There is no issue per se if you get a billion rows in a table. The table
wouldn't be that much bigger than if you instead have a 480-colunm table,
and the total size is the biggest concern. (The table would be bigger
with many narrow rows, though, since there is a certain overhead per row.)
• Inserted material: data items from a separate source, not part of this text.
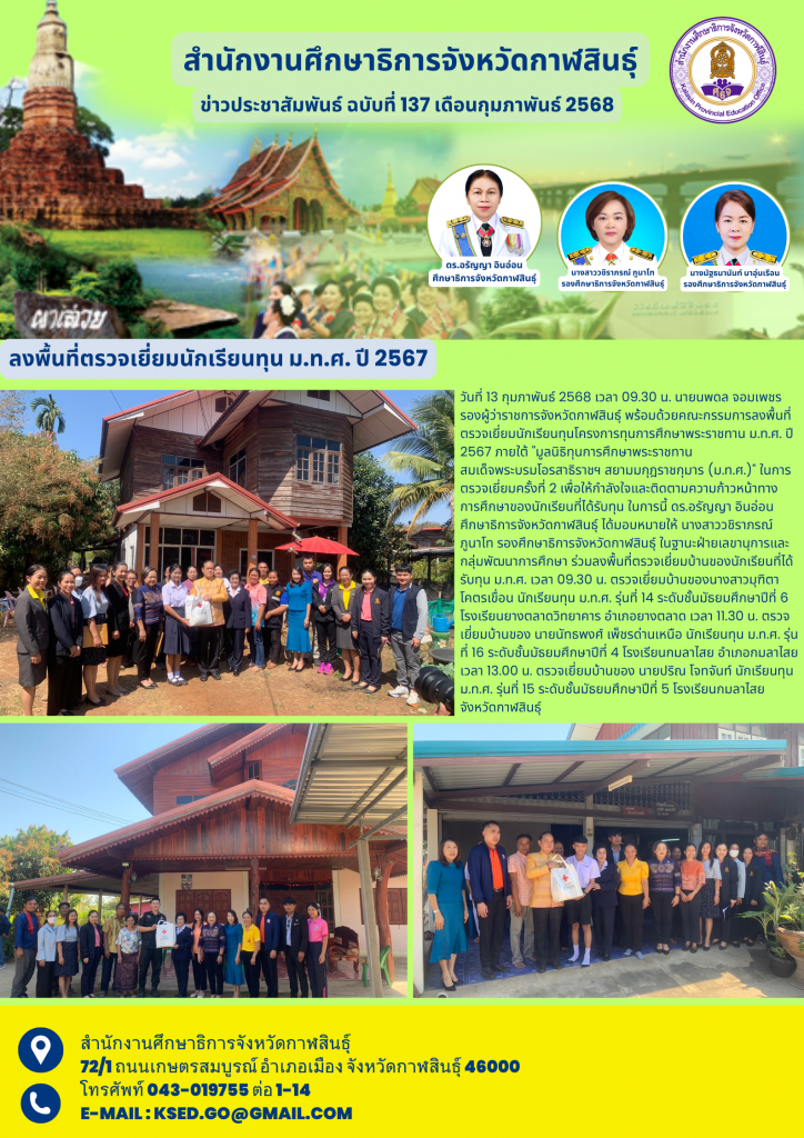 ในการนี้ ดร.อรัญญา อินอ่อน ศึกษาธิการจังหวัดกาฬสินธุ์ ได้มอบหมายให้ นางสาววชิราภรณ์ ภูนาโท รองศึกษาธิการจังหวัดกาฬสินธุ์ ในฐานะฝ่ายเลขานุการและกลุ่มพัฒนาการศึกษา ร่วมลงพื้นที่ตรวจเยี่ยมบ้านของนักเรียนที่ได้รับทุน ม.ท.ศ. ดังนี้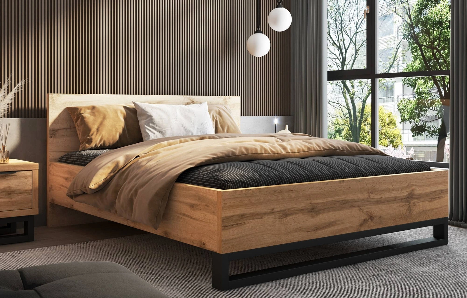 Postel z kolekce Halle S je určena pro moderní a trendy interiéry. Jednoduché tělo ve stínu dub wotan umístěné na černá rámy z odolného materiálu mDF zaručuje vysoká stabilita a designérský, půdní charakter. Díky vysoký základ lůžko získává další funkci. Na posteli můžete pohodlně sedět, např. při sledování televize, práci na notebooku nebo čtení knihy.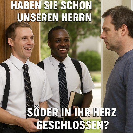 Das muss KI sein, wer lässt Haustür-Missionare denn soweit in die Wohnung? Die lässt man normalweise an der Gegensprechanlage abblitzen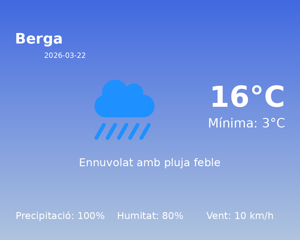 En resum, la jornada a Berga serà marcada per pluges i núvols abundants amb temperatures fresques. És recomanable adaptar l’elecció de la roba a aquestes condicions i planificar les activitats a l’exterior tenint en compte les pluges.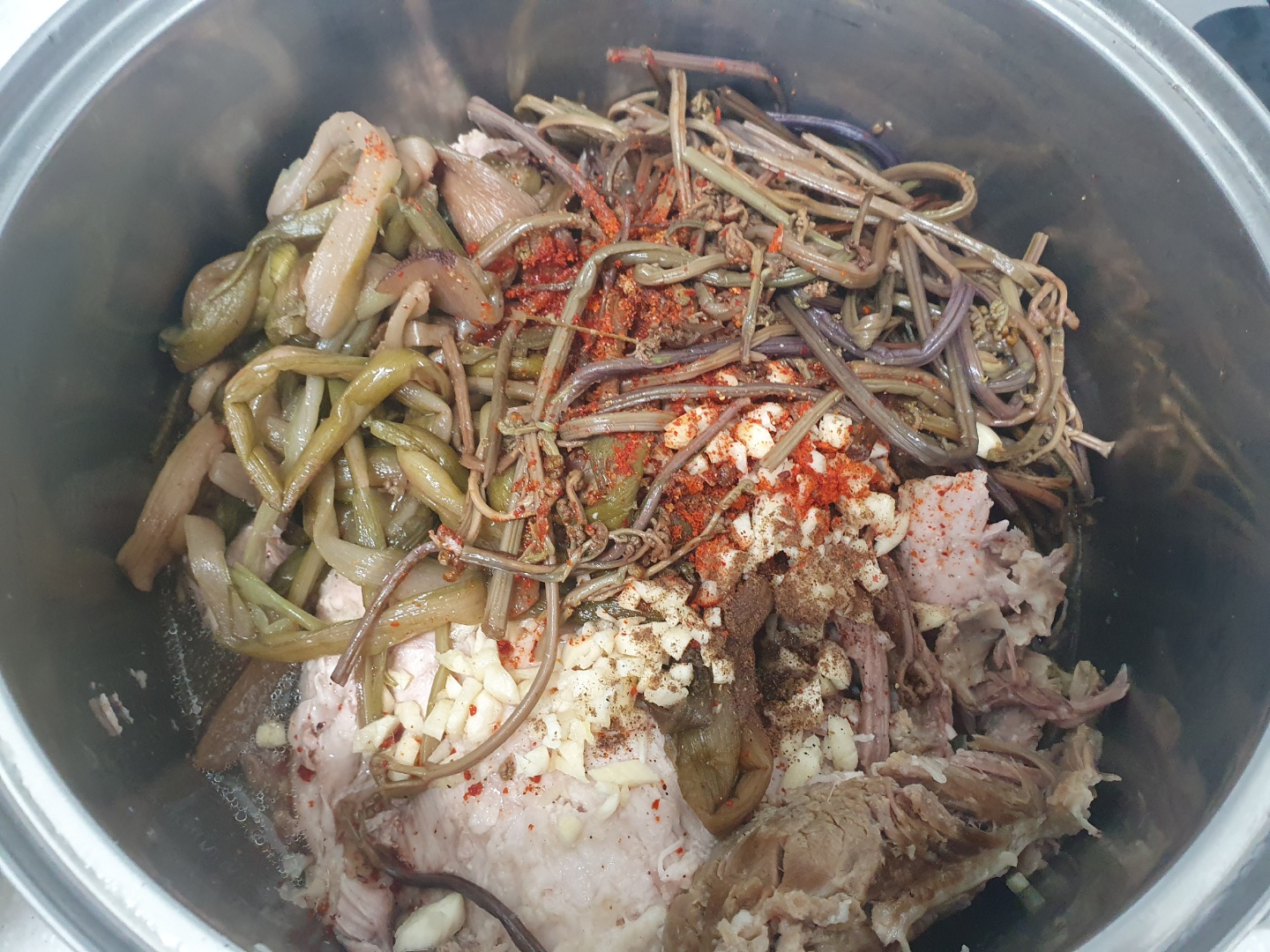 냄비에 삶은 고기, 삶은 고사리, 토란줄기, 마늘, 고춧가루, 간장, 들깨가루, 생강가루와 육수를 넣고 끓입니다.

The key is: do you have any need to access the individual points in the
vector from SQL? If you do, you should store them as rows, or else it
will be very painful.

But if all manipulation of the details of the vector will happen outside
SQL Server, there can indeed be reason for a more compact format. In
that case, I would use varbinary(MAX). An alternative that would permit
some access to indvidual points in the vector is to implement a user-
defined data type in the CLR. Assume that the points are floats, this
would only be an option if you are on SQL 2008, since UDTs are limited
to 8000 bytes on SQL 2005.

--
Erland Sommarskog, SQL Server MVP, esquel(a)sommarskog.se

Links for SQL Server Books Online:
SQL 2008: http://msdn.microsoft.com/en-us/sqlserver/cc514207.aspx
SQL 2005: http://msdn.microsoft.com/en-us/sqlserver/bb895970.aspx
SQL 2000: http://www.microsoft.com/sql/prodinfo/previousversions/books.mspx

From: david on
On Jul 8, 6:50 pm, --CELKO-- <jcelko...(a)earthlink.net> wrote:
> I think of a vector as a particular kind of mathematical structure and
> you seem to be talking about a list of some kind. Vectors have a fixed
> number of dimensions, etc. Here is a guess:
>
> CREATE TABLE Vectors
> (vector_id CHAR(3) NOT NULL, --whatever
>  dim_nbr INTEGER NOT NULL,
>    CHECK (dim_nbr BETWEEN 1 AND 480),
>  PRIMARY KEY (vector_id, dim_nbr),
>  dim_val INTEGER NOT NULL);
>
> Do you need to enforce the lower limit of 120 or not?

Joe,

Thank you for your response.

The vectors I was referring to had to do with the length in months of
loans, from 10 to 40 years hence 120 to 480 numbers to be used as
adjustments.

I spoke with the senior developer today and he had already solved the
problem and tested the speed of the solution (as rows). He was going
to submit it today for review and upgrade to QA. My fault for not
checking the need after the junior guy asked for help.

Thanks again.

David
From: david on
Erland,

Thank you for your response.

The vectors I was referring to had to do with the length in months of
loans, from 10 to 40 years hence 120 to 480 numbers to be used as
adjustments.

I spoke with the senior developer today and he had already solved the
problem and tested the speed of the solution (as rows). He was going
to submit it today for review and upgrade to QA. My fault for not
checking with him after the junior guy asked for help.

Thanks again.

David